-------- Dataset records --------

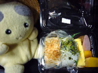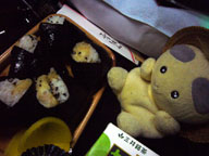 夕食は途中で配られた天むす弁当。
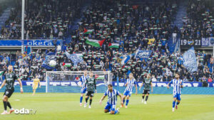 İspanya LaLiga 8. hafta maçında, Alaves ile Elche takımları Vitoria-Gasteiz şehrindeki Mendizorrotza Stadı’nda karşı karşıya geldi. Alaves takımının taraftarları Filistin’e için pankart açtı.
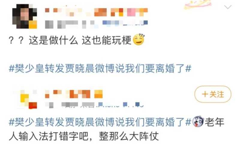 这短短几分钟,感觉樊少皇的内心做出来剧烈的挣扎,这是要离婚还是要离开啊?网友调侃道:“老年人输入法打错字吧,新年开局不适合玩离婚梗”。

--------
-------- Dataset records --------

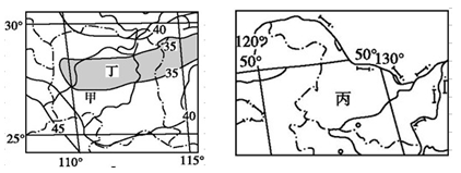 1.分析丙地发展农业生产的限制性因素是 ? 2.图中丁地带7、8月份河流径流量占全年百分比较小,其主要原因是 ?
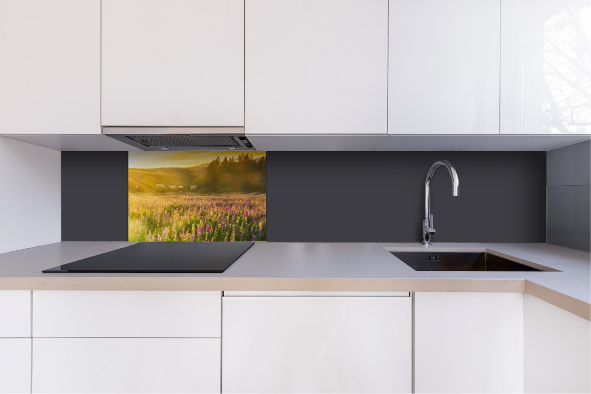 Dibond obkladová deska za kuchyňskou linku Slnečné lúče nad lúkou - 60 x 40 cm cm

--------

Exercise details: Take the material above from the line containing "夕食は途中で配られた天むす弁当。" up to and including the line containing "这短短几分钟,感觉樊少皇的内" and retype it exactly, without any pictures.

Exercise result:
 夕食は途中で配られた天むす弁当。
 İspanya LaLiga 8. hafta maçında, Alaves ile Elche takımları Vitoria-Gasteiz şehrindeki Mendizorrotza Stadı’nda karşı karşıya geldi. Alaves takımının taraftarları Filistin’e için pankart açtı.
 这短短几分钟,感觉樊少皇的内心做出来剧烈的挣扎,这是要离婚还是要离开啊?网友调侃道:“老年人输入法打错字吧,新年开局不适合玩离婚梗”。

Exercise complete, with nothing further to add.